Down to the last line, set down the listing below exactly, apart from its pictures.

+++ DATASET SECTION

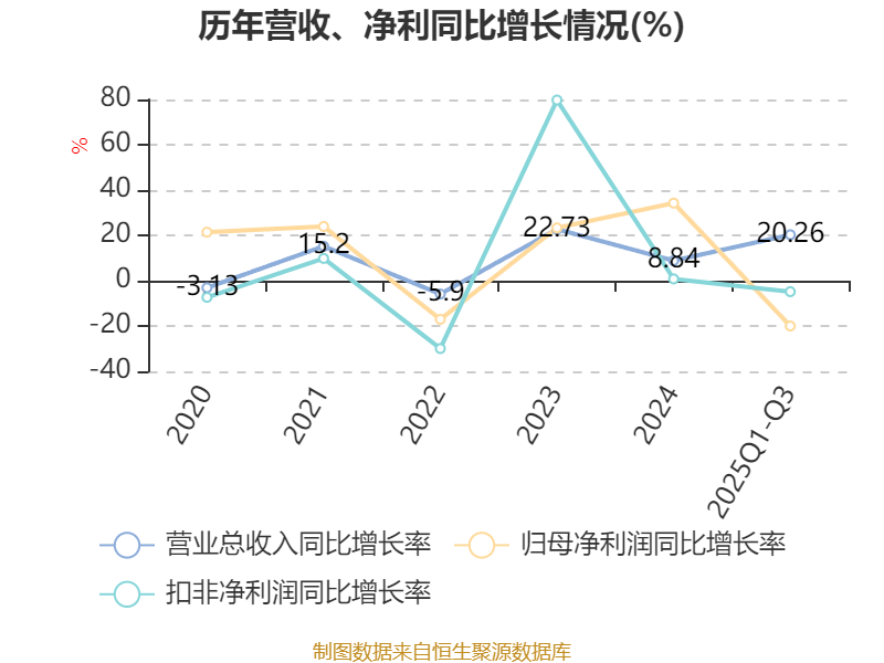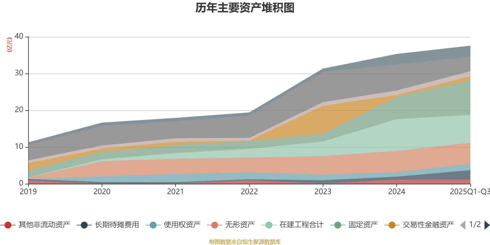 资产重大变化方面,截至2025年三季度末,公司货币资金较上年末减少44.62%,占公司总资产比重下降9.61个百分点;固定资产较上年末增加55.86%,占公司总资产比重上升7.99个百分点;长期待摊费用较上年末增加218.57%,占公司总资产比重上升4.55个百分点;在建工程合计较上年末减少12.96%,占公司总资产比重下降4.46个百分点。
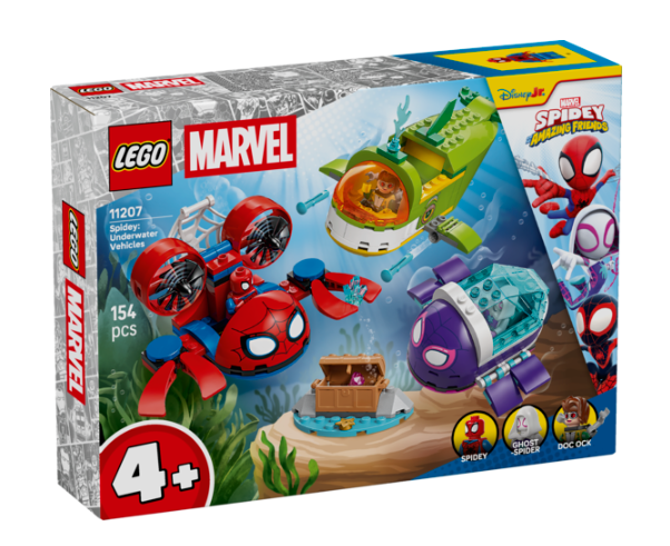 Spidey ja vedenalaiset menopelit ‑leikkisetin (11207) parissa yli 4-vuotiaat pojat, tytöt ja LEGO® ǀ Marvel fanit voivat suunnata mielikuvitusseikkailuihin. Luovuutta kehittävä rakennussetti sisältää Spideyn, Ghost-Spiderin ja tohtori Mustekalan minihahmot sekä 3 sukellusvenettä.
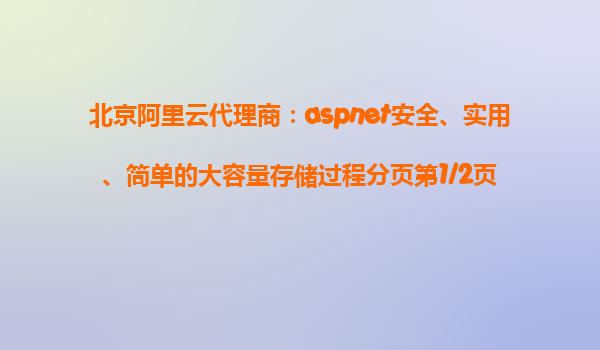 北京阿里云代理商:ASP.NET安全、实用、简单的大容量存储过程分页

++++++

## TASK ANSWER
 资产重大变化方面,截至2025年三季度末,公司货币资金较上年末减少44.62%,占公司总资产比重下降9.61个百分点;固定资产较上年末增加55.86%,占公司总资产比重上升7.99个百分点;长期待摊费用较上年末增加218.57%,占公司总资产比重上升4.55个百分点;在建工程合计较上年末减少12.96%,占公司总资产比重下降4.46个百分点。
 Spidey ja vedenalaiset menopelit ‑leikkisetin (11207) parissa yli 4-vuotiaat pojat, tytöt ja LEGO® ǀ Marvel fanit voivat suunnata mielikuvitusseikkailuihin. Luovuutta kehittävä rakennussetti sisältää Spideyn, Ghost-Spiderin ja tohtori Mustekalan minihahmot sekä 3 sukellusvenettä.
 北京阿里云代理商:ASP.NET安全、实用、简单的大容量存储过程分页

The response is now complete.